* Try it *
Each line of the data must be written out again verbatim; no image belongs in the copy.

The data Block Start

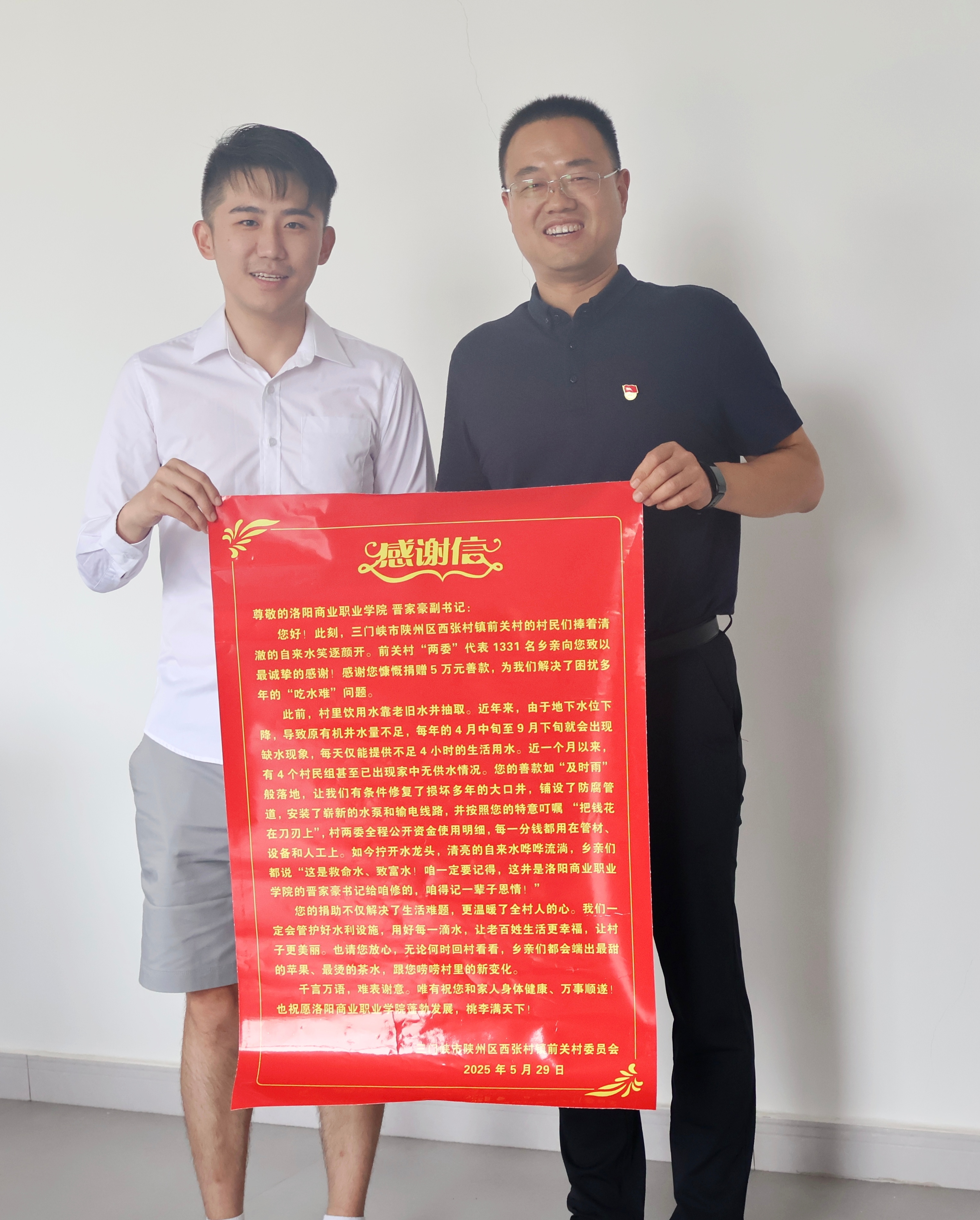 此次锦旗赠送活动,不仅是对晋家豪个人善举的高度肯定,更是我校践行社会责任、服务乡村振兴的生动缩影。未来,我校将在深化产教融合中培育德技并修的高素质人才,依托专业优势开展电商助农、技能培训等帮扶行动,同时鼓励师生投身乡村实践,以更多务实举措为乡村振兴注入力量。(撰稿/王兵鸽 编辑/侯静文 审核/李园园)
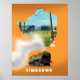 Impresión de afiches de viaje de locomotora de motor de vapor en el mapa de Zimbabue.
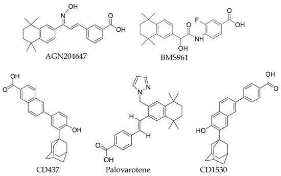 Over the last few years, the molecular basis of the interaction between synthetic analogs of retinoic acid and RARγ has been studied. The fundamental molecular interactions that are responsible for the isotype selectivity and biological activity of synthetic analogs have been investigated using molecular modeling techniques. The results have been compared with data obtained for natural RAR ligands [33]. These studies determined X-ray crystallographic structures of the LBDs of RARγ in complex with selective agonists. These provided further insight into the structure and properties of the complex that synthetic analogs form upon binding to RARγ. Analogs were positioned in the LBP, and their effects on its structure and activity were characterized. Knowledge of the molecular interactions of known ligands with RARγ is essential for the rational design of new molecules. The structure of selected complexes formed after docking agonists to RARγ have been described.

The data Block End

* Completed exercise *
 此次锦旗赠送活动,不仅是对晋家豪个人善举的高度肯定,更是我校践行社会责任、服务乡村振兴的生动缩影。未来,我校将在深化产教融合中培育德技并修的高素质人才,依托专业优势开展电商助农、技能培训等帮扶行动,同时鼓励师生投身乡村实践,以更多务实举措为乡村振兴注入力量。(撰稿/王兵鸽 编辑/侯静文 审核/李园园)
 Impresión de afiches de viaje de locomotora de motor de vapor en el mapa de Zimbabue.
 Over the last few years, the molecular basis of the interaction between synthetic analogs of retinoic acid and RARγ has been studied. The fundamental molecular interactions that are responsible for the isotype selectivity and biological activity of synthetic analogs have been investigated using molecular modeling techniques. The results have been compared with data obtained for natural RAR ligands [33]. These studies determined X-ray crystallographic structures of the LBDs of RARγ in complex with selective agonists. These provided further insight into the structure and properties of the complex that synthetic analogs form upon binding to RARγ. Analogs were positioned in the LBP, and their effects on its structure and activity were characterized. Knowledge of the molecular interactions of known ligands with RARγ is essential for the rational design of new molecules. The structure of selected complexes formed after docking agonists to RARγ have been described.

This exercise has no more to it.